Bought my TT on Tuesday 
Silver 225 coupe on a 2000 plate and i am in love 
Cheers for the advise guys it really helped 
I saw a few with poor history and no proof of cambelt changing so left those and boiught the one i have now.
I will post some pictures when i have some more spare time 

Gab


----------



## Audiphil (Oct 23, 2012)

Congratulations and enjoy


----------



## T3RBO (Dec 9, 2003)

Welcome to the forum


----------



## davelincs (Jan 1, 2010)

Hi Gaby, welcome to the forum


----------



## Dayer2910 (Apr 29, 2012)

Thread demonstrates the stupidity of new members unable to access current members cars for sale, they have every reason to whine and moan, the OP subsequently bought elsewhere by the sounds of it.....

Stupid rule IMO


----------



## Hoggy (May 8, 2002)

Hi Dayer, your opinion is always welcome, but the OP didn't want to waste time winging & moaning, she wanted a TT so just got on with it & bought a TT & will hopefully continue to to use this excellent forum for info & advice. 
Hoggy.


----------



## TT K8 (Sep 13, 2009)

Gaby.Kerso said:


> Cheers again Hoggy i have seen one or two with the roof issue i assumed they had been badly resprayed at some point so left them.
> As for the dashpod i shall keep my eye on all gauges while driving.
> 
> Are there many get togethers around the south wales/bristol area?
> ...


Hi Gab,

If you fancy popping across the bridge I'm the rep for Bristol. At the end of the events season now, but I am in the process of trying to drum up a bit interest for a Chrimbo get together viewtopic.php?f=3&t=299282. Let me know if you want to pop along and say hi to peeps.

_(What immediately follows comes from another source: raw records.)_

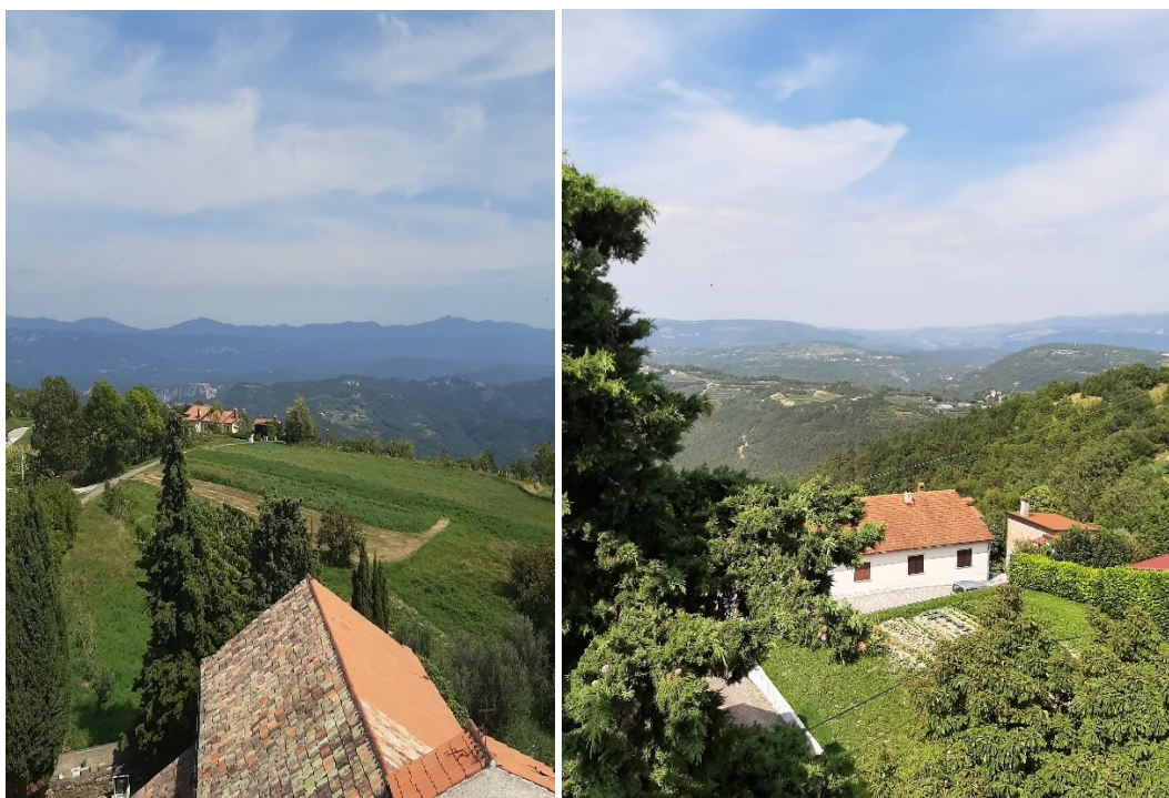
Slika 10. i 11. Pogled iz zvonika na Vrhu na sjevernu i zapadnu stranu.

Selo Vrh veliko je naselje smješteno između brda Draguč i sela Sovinjak. Nekoliko je puta bilo napadnuto tijekom Uskočkog rata, no nije pretrpjelo strašna uništavanja. Vrh je prvi put bio napadnut 3. prosinca 1615., kada je u okolici uspješno pokradena stoka seljacima, pogotovo u većem selu Račice. Drugi put, Vrh je napadnut 8. travnja 1616., a njegova je okolica bila spaljena. Vrlo brzo, već u svibnju, seljaci iz Vrha sudjelovali su u pohodu na pazinska sela Kaščergu, Kršiklu, Previž i Borut te su se tako osvetili vojvodinim seljacima koji su spalili sela oko Vrha. Prema izvješćima Bernarda Tiepola, selo su 1617. morali čuvati plaćenici i črna vojska od upada uskoka. Očekujući napade uskoka, Tiepolo je u ožujku 1617. dao zapovijed stanovnicima Vrha da izgrade obrambene utvrde jer se iščekivao još jači udar uskoka. Na svu sreću napad nikad nije bio izveden. 84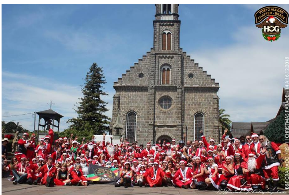
FIGURA 6: “CHRISTMAS PARADE” COM ENCONTRO DE MEMBROS DO HOGS DO RIO GRANDE DO SUL E SANTA CATARINA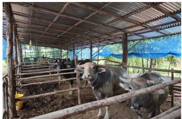
โรงเรือน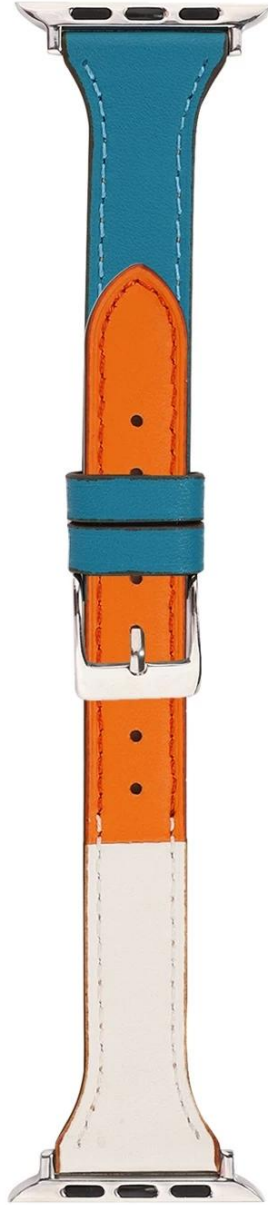
#3 深蓝+白/Deep blue+white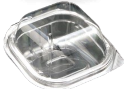
商品名：ユニコンLS-角115 ドーム 外 寸：110×111×27(蓋高：36) 内 寸：91×91×27(蓋高：36) 色 柄：透明 袋入数：100枚 ケース 1500枚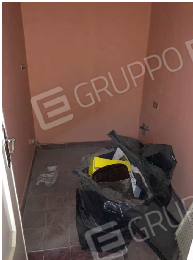
Figura 11 Ripostiglio particella 112 sub 2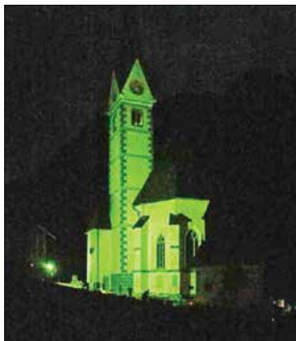
Solčavsko cerkev so ob dnevu sv. Patricka osvetlili drugače zaradi zelene naravnane destinacije. (Fotodokumentacija TIS Solčava)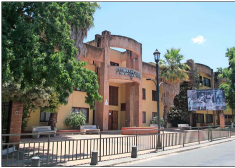
La Escuela de Cultura y Difusión Artística de Talca es uno de los tres Bicentenario que hay en Talca.

Respecto de las expectativas que existen sobre el próximo gobierno, Campos afirma que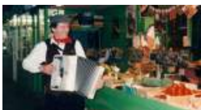
ACCORDEONISTE MUSETTE : Chansons Françaises Rétro Valses pour Bal à l'Ancienne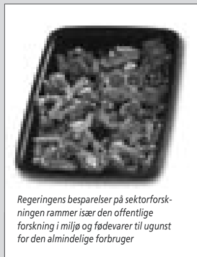
Regeringens besparelser på sektorforskningen rammer især den offentlige forskning i miljø og fødevarer til ugunst for den almindelige forbruger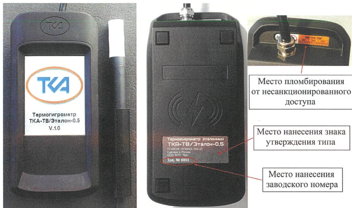
Рисунок 1 - Общий вид термогигрометра эталонного ТКА-ТВ/Эталон с указанием места пломбирования, нанесения знака утверждения типа и заводского номера

Общий вид термогигрометра с указанием места пломбирования, нанесения знака утверждения типа и заводского номера представлен на рисунке 1. Знак поверки наносится на свидетельство о поверке.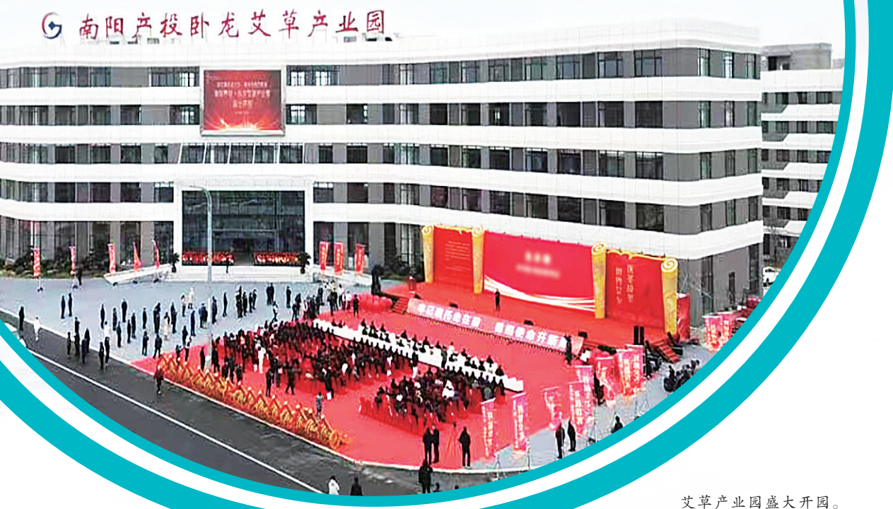
艾草产业园盛大开园。

Look forward to seeing you soon.


----------



## t'mill (Jul 31, 2012)

Welcome from a fellow Cardiff TT owner. If you see an X reg Nagaro Blue TT on your travels give me a wave


----------



## Gaby.Kerso (Aug 13, 2012)

Well i love my TT and so far no problems 
Cheers for the welcoming guys 

As for the buying a tt off a forum, ideally i did want a forum owned one as i feel they are looked after an awful lot better and my boyfriend has always bought his cars off of forums such as his vr6 corrado at the moment was a forum buy so there is also forum history with it but rules are rules and now i own a TT and as i said i love it 

Cheers for the invite kate i will look into it and see if i am not working 

I will keep a look out for you as long as u do the same for me, silver one on dark grey 18s 

Gab


----------



## t'mill (Jul 31, 2012)

Gab - yours should stand out nicely with dark grey alloys. I'll keep my mince pies open! What's your fella's Corrado like? I used to have a Corrado and am on the Corrado Forum.


----------



## Gaby.Kerso (Aug 13, 2012)

It does a little bit and will go from my X reg to a private plate soon as waiting for the log book to arrive to change it
Its an L reg Storm grey with a subtle drop and standard speedlines. with the Us spec bummper lights in the side.

Gab


----------



## t'mill (Jul 31, 2012)

Not many around in grey. I saw a blue one in Cardiff a few days before you posted here, so was wandering if that was his. Not often you see a Corrado now. His will be very distinctive with the American front bumper. Does he have the lights on the side orange?


----------



## Gaby.Kerso (Aug 13, 2012)

I know they are few and far between around here. it does stand out a little bit i think.
Yer the Orange lights are in the bumper and wired up to the side lights so stands out at night without a doubt 

Gab


----------



## baileybot (Nov 5, 2012)

Hi


----------



## audit guy (Oct 6, 2012)

16 posts an still cant get in2 market place, hang on 17 now, just bought 1 very similar 2 urs, if its as old then its driving very soft unless the suspensions been done, just got mine lowered an got sports suspension, now feeling ants on the road!


----------



## audit guy (Oct 6, 2012)

oh an welcome, that counts as a post


----------



## CPTT87 (Oct 31, 2012)

Hi and welcome to the forum.

I bought myself a 225 last week and am loving every second of it


----------



## NGILL (Nov 6, 2012)

hello Gab ,WELCOME


----------



## chrissy101 (Oct 8, 2012)

Hi Gaby,
Welcome....good to have another girl on the forum..
Hope you enjoy your TT as much as i am enjoing mine..
I got my blue beauty five weeks ago its a 2005 1.8 225 Roadster
Great fun
Happy days......
Hoping to become a member. .
Chrissy from sussex


----------



## Dayer2910 (Apr 29, 2012)

audit guy said:


> 16 posts an still cant get in2 market place, hang on 17 now, just bought 1 very similar 2 urs, if its as old then its driving very soft unless the suspensions been done, just got mine lowered an got sports suspension, now feeling ants on the road!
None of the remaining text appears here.